Проблема № 1

We use cookies. Read the Privacy and Cookie Policy

Проблема № 1

Почему Анатолий Прохоров стал изменником Родины? Я думаю об этом все время. На этот вопрос ищу ответа, роясь в пухлых папках «Дела», путешествуя с Рощиным по Москве с одной явки на другую, осматривая тайники, беседуя со свидетелями. Почему?

1958 год. Он живет в Москве, у матери. И с первых шагов ищет жизни легкой, но доходной. Церковь в Телеграфном переулке. Он много рассказывал священнику о своих прежних знакомствах в мире духовенства, вошел в доверие, пристроился. Торговал свечами по святым праздникам, выгадывал довесок к зарплате. А положили ему не так уж мало — 1200 рублей. Но он-то считал — мало…

Здесь, в церкви, и познакомились они с Софьей Алексеевной Толчинской, пенсионеркой, бывшей преподавательницей немецкого языка.
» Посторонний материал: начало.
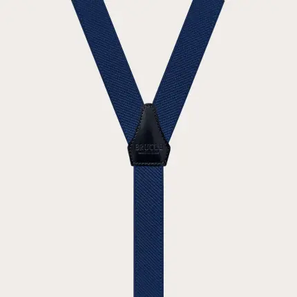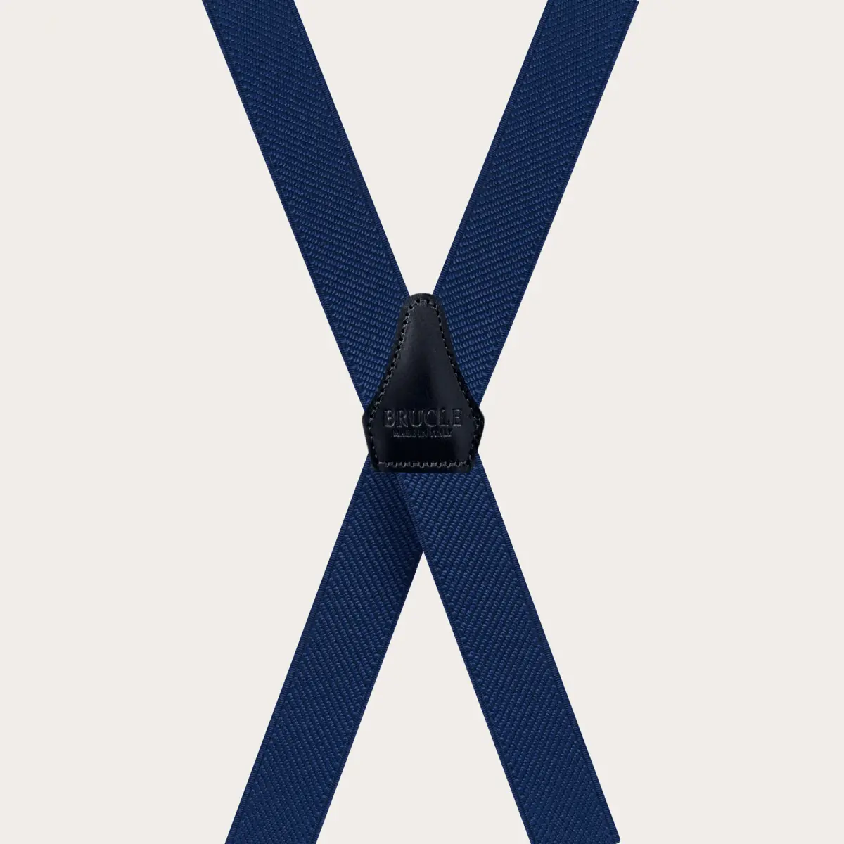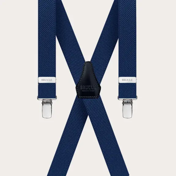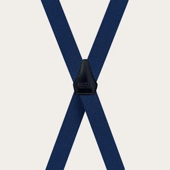 Eleganti bretelle a X, color blu navy con parti in pelle in tinta.
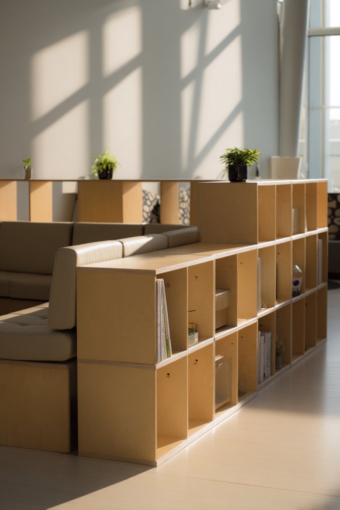 Visualize a series of cube units arranged in a grid or staggered formation, acting as a room divider. You can leave some cubes open for display or add doors or drawers for concealed storage. Decorate the tops with baskets, books, or decorative objects—avoiding restricted items—to personalize your partition. It’s a playful yet practical solution.

Странное это было знакомство. Она жила рядом с церковью, и Анатолий после «работы» обычно заходил к ней. Кормился. Софья Алексеевна была в кулинарии мастерица, и ему было приятно вдвойне: и вкусно и задаром. Беседовали. Когда Софья Алексеевна покупала «Толику» четвертинку, он добрел, вспоминал былое. Париж, гостиную мадам Мюллер и проделки на бульваре Клиши… Были спутники, Братск, целина. Когда она говорила ему обо всем этом, он морщился: «Дешевая агитация». «А что же тогда настоящее?» — спрашивала она. «А ничего нет настоящего, обман и воровство вокруг, вот и все…»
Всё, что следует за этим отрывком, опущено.